This article was written as a collaboration between Tommy Hagenes from Energy Control/Airthings/Proptech Bergen and Carsten Lehbrink from qbee AS.
First published in Norwegian found here
Many can be familiar with a situation where they have too many things going on at the same time, but what if you had 31 billion devices in the cloud? Is it possible to be in control?
By 2020 there will 31 billion devices, or IoT-devices, according to Leftronic.com. Every single second this increases by 127 new devices. By 2025 it is expected that there will be more than 75 billion devices connected to the internet.
It requires the control of the data to be systematic. For commercial property especially, one has to handle the fact that everything in the building is a device. One has to realize that the future that has been talked about is already our present. Already, 90% of cars will be online by next year and 80% of industrial production uses or will use IoT actively within the same timeframe.
A successful IoT project requires that a whole technological and commercial value chain works together. What’s exciting and challenging about bigger IoT projects for buildings is that most buildings are not new constructions. Only 1% of buildings are newly constructed. Therefore, often the project has to deal with multiple suppliers and existing technology that might be expensive to replace. This might be technology that is more than 10 years old, and it is as relevant for smart buildings as for industry 4.0.
The goal is to design flexible technological architecture which makes it possible to connect to existing traditional systems, such as ventilation systems, heating systems, and so on, and be able to connect this to newly developed technology to efficiently capture data from both new and existing devices. You also need a safe and reliable communication to a data base that can collect and organize the data. But that’s not all. With this many data points being collected every minute or second today, you also need smart systems that can visualize and analyze the data. There might be many thousand data points per building, and it will be impossible for a human to monitor this directly. This is normally where a big part of the spending ends up. If the system is designed in the right way, the data analysis can add a lot of value. This can be both through limit values and normal statistical analysis or through the use of machine learning and artificial intelligence.
How to get from insight to control
The next step is to use this insight. If you have the data analytics and the insight that it has provided, this needs to be fed back into the system to change various values and achieve some sort of control. Only when the data analysis can be used to control the system, will you achieve the value that enables the project to achieve a good ROI.
Before any project it’s important to understand a few basic things:
- Where should the control be placed? Should it be in the cloud or locally? Or maybe a hybrid solution? What happens if the connection is down?
- Who will need access to the system? How will the customers use the system and who is responsible for maintenance?

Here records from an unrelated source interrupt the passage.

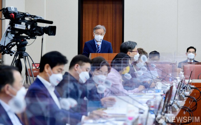 [서울=뉴스핌] 이형석 기자 = 권칠승 중소벤처기업부 장관이 7일 서울 여의도 국회에서 열린 산업통상자원중소벤처기업위원회의 중소벤처기업부 등에 대한 국정감사에서 업무보고를 하고 있다. 2021.10.07 leehs@newspim.com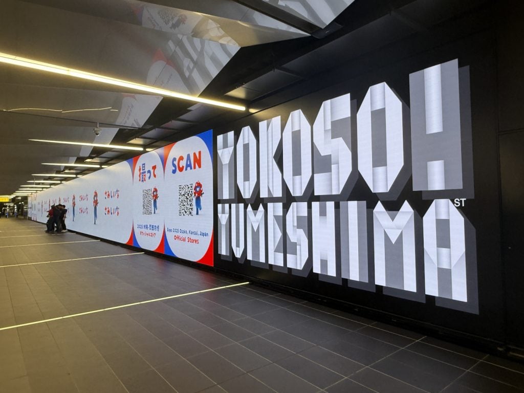 壁面のLEDディスプレイには、まだミャクミャクが!なんとなく嬉しい。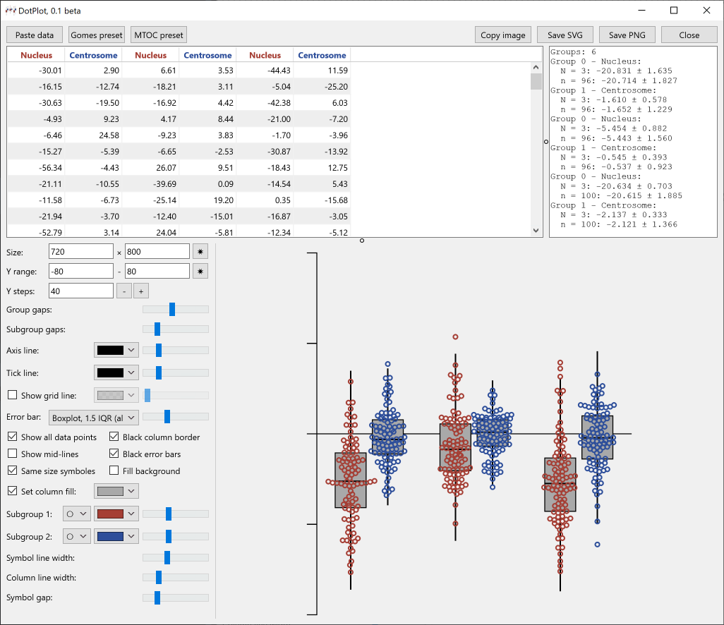 DotPlot is a free, stand-alone Windows program to draw bar/box plots with data points. Current version is v0.1 beta. It is provided “as-is”, without any express or implied warranty.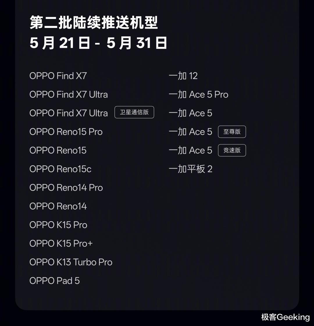 第二批共支持 18 款机型,主要包括 OPPO Find X7、Reno 15/14、K15 Pro、一加12 和 Ace 5 等系列机型,将在 5 月 21 日到 31 日开启推送升级。完整的机型名单如下: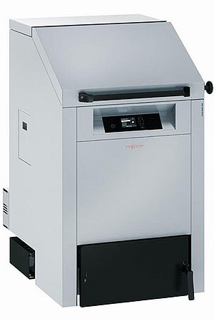 phasen, vom Anheizen über den Lastbetrieb bis zum Ausbrand, permanent überwacht und über die motorisch betriebenen Luftklappen im optimalen Bereich gehalten. Durch seinen großen Füllraum bietet er hohen Komfort zum Heizen, ob mit Stückholz, Holzbriketts oder Holzresten in loser und stückiger Form. Im Nennwärmebereich von 40 bis 75 KW kann der Scheitholzkessel mit Halbmeterscheiten bestückt werden.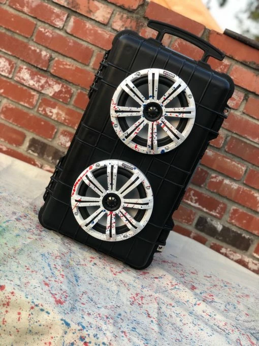The Banger Box XL is our biggest and loudest speaker box to date. This Waterproof bluetooth speaker is banging two Kicker Marine Grade 8” 2- way speakers and over 400 watts of power. It is the perfect speaker for any outdoor event, and if your looking to get the cops called on your house party, say no more this is the one.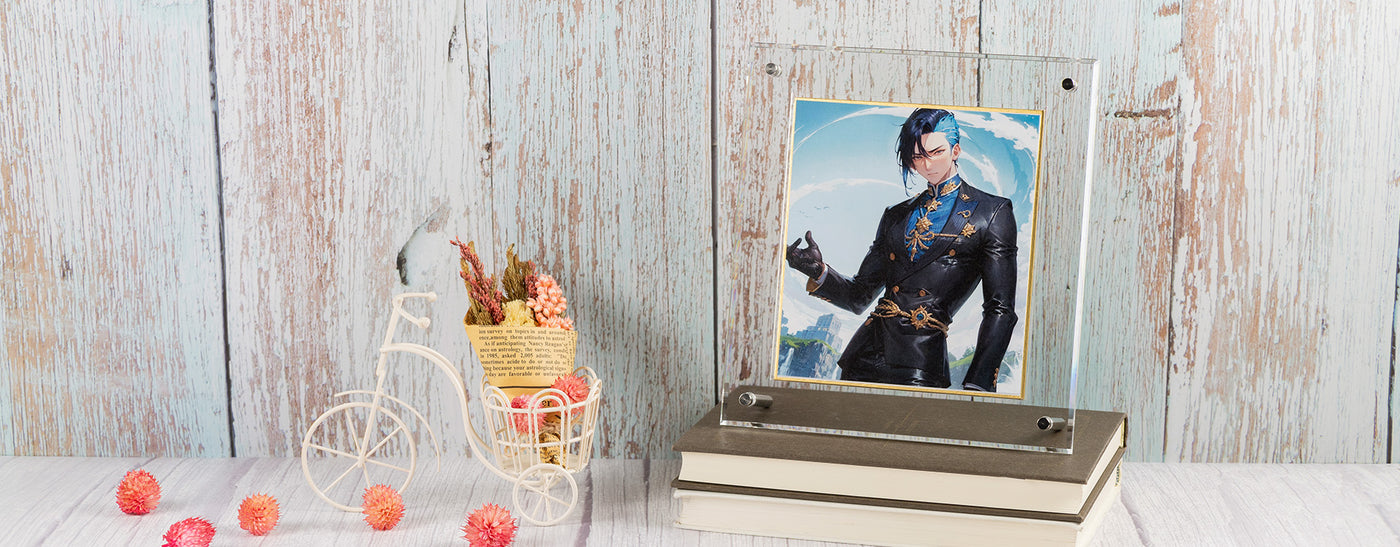 クリスタル Block は重厚感と高級感のあるアクリルフレームです。極厚の存在感とクリスタルのように光を反射する輝きで、より特別な 1 枚を飾るのに最適なフレームです。

- Machine learning and artificial intelligence have come far and the technology can be used for a lot of things. But still, a lot has to be done using limit values, hysteresis, and normal statistics. The result is often better since more people understand the logic and can ask critical questions. Often advanced machine learning is not necessary for these projects.
- A lot of big IT projects fail because one makes a big monolithic solution. In the IoT world one would normally combine many smaller systems. Especially if there already are some legacy devices. One has to find a good technological solution to control, monitor, and update all the building blocks in a simple, reliable, and cost-effective way.
- Traditionally one has bought control systems for buildings with a one-time cost. This means that one makes an investment and expect the system to work for the next 12 to 20 years. Since modern systems are much more software-based and often run both in the cloud and locally, the supplier might has a payment model with a monthly subscription component. Having operational technology operated properly can be the key to success when dealing with data-driven buildings.
The future is closer than ever before. We already have an enormous amount of data in buildings, and we can expect the growth to be exponential going forward. The importance of fleet management, where all the devices in the building have to update itself, is something all organizations will have to think about. Just imagine installing a device in a building and a security breach happens or there’s something wrong with the software that has to be fixed. What if these devices are in 1000 buildings? How will you deal with this?
The IoT challenge that must be solved is that to gain control, we must have a fleet management from day one.